▸ WORK ITEM: The entries below contain a stretch that opens with the line containing "- Régulation avec" and closes with the line containing "梅洛尼23日在会谈后的新闻发"; set down that stretch exactly, both ends included, and nothing else.

[INPUT DATA]

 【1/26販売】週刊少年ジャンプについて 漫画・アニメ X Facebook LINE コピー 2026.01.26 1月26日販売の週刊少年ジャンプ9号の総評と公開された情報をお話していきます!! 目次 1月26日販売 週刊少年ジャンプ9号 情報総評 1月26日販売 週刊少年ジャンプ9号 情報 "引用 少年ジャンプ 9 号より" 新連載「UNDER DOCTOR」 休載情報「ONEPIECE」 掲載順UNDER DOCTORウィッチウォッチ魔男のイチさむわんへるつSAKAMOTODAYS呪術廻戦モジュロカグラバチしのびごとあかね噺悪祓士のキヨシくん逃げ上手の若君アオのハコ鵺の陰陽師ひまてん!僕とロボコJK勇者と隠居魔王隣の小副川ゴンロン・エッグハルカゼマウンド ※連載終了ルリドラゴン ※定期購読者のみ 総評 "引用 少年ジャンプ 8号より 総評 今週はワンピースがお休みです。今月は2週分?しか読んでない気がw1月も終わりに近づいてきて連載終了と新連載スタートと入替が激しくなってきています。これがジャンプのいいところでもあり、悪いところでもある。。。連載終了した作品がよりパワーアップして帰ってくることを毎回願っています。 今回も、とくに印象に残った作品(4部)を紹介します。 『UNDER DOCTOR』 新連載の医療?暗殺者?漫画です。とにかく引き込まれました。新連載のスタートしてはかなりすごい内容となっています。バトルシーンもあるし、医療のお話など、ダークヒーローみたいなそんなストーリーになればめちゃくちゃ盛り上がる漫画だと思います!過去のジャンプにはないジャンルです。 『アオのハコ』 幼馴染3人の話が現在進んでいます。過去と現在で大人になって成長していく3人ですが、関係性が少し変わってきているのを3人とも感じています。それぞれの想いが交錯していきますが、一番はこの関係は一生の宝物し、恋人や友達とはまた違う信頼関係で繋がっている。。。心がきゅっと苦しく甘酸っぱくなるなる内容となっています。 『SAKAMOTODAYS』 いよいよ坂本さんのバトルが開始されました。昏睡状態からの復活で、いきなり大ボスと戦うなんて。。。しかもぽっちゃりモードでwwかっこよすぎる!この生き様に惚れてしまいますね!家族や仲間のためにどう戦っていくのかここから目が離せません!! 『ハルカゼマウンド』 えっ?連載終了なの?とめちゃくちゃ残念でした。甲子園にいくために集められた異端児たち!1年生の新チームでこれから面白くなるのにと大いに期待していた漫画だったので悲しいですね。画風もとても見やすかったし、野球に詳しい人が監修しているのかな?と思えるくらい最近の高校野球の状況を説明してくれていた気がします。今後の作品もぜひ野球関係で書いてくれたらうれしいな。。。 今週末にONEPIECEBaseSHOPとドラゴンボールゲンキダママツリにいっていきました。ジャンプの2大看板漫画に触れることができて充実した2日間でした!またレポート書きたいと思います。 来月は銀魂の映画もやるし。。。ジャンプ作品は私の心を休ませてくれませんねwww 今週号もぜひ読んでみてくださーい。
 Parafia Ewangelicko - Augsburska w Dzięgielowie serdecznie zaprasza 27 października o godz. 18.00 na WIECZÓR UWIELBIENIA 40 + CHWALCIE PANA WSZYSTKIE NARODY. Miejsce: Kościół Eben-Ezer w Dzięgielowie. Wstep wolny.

[/INPUT DATA]
[INPUT DATA]

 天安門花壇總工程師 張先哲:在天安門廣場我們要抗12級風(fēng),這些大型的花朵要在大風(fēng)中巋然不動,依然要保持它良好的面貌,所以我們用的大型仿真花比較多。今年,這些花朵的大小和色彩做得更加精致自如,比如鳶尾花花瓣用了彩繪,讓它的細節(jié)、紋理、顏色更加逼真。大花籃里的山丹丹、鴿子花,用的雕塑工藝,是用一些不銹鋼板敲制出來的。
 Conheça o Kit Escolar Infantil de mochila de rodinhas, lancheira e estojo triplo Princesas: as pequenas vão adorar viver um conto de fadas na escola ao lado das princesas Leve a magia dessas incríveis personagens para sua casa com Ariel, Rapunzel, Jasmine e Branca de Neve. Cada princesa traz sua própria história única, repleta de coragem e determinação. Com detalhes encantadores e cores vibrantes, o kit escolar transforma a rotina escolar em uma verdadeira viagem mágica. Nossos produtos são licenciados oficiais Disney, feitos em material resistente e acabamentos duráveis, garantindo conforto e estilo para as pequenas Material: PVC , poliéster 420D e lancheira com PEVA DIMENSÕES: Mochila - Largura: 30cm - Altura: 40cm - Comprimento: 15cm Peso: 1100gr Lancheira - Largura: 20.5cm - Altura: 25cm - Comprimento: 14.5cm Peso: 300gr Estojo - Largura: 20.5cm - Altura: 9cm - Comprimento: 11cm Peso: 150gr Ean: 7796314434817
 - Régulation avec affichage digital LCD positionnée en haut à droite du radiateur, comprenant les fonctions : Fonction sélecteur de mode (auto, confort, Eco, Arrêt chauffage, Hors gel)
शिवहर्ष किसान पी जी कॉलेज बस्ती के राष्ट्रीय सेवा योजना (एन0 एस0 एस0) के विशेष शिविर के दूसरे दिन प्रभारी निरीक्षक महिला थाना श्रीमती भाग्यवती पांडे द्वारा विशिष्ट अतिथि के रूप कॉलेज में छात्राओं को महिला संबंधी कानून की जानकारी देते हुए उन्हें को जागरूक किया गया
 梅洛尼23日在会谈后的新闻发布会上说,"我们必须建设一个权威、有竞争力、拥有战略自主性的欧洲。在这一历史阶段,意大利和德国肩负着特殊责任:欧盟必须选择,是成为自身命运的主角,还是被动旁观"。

[/INPUT DATA]

▸ ANSWER AREA:
 - Régulation avec affichage digital LCD positionnée en haut à droite du radiateur, comprenant les fonctions : Fonction sélecteur de mode (auto, confort, Eco, Arrêt chauffage, Hors gel)
शिवहर्ष किसान पी जी कॉलेज बस्ती के राष्ट्रीय सेवा योजना (एन0 एस0 एस0) के विशेष शिविर के दूसरे दिन प्रभारी निरीक्षक महिला थाना श्रीमती भाग्यवती पांडे द्वारा विशिष्ट अतिथि के रूप कॉलेज में छात्राओं को महिला संबंधी कानून की जानकारी देते हुए उन्हें को जागरूक किया गया
 梅洛尼23日在会谈后的新闻发布会上说,"我们必须建设一个权威、有竞争力、拥有战略自主性的欧洲。在这一历史阶段,意大利和德国肩负着特殊责任:欧盟必须选择,是成为自身命运的主角,还是被动旁观"。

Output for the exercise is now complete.